• Exercise data:
>>>>

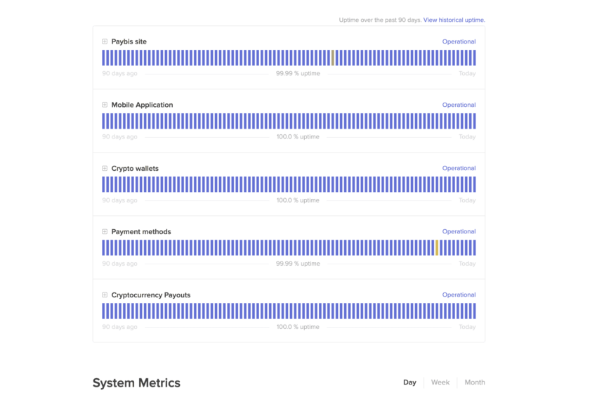 O sistema de suporte ao cliente da Paybis envolve um “Portal de Suporte” dedicado, uma interface que ajuda você a ler artigos relacionados a todas as dúvidas possíveis que um usuário possa ter. Além disso, existe a página de status, que detalha o desempenho histórico de cada UI da Paybis – o site, o aplicativo móvel, a carteira, a zona de pagamento e tudo mais.
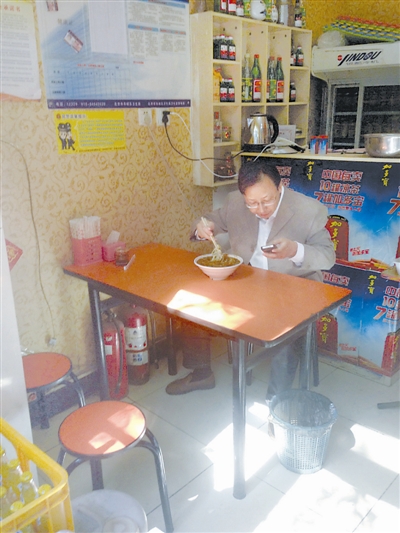 2013年9月26日,北京,一位顾客边吃饭边看手机。
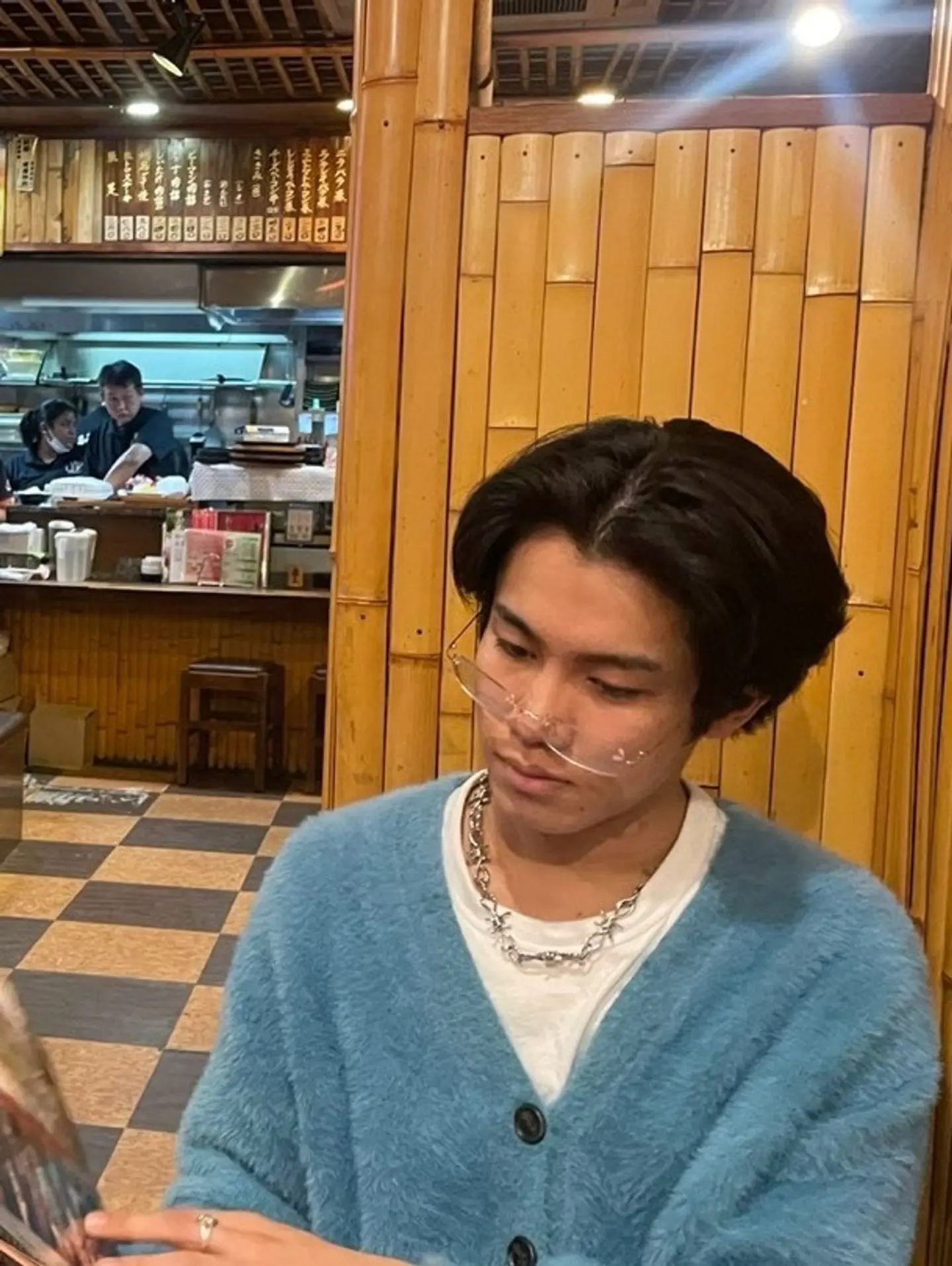 🩵🩵🩵 @furugi_holic #モヘアカーディガン #カーディガン #ハーフパンツ #スニーカー #リムレス

<<<<

• Exercise prompt: Beginning with the line that contains "2013年9月26日,北京,一位顾客边吃饭边看手机。", write out the remaining lines of the listing above through the last, exactly and only those, without pictures.

• Task answer:
 2013年9月26日,北京,一位顾客边吃饭边看手机。
 🩵🩵🩵 @furugi_holic #モヘアカーディガン #カーディガン #ハーフパンツ #スニーカー #リムレス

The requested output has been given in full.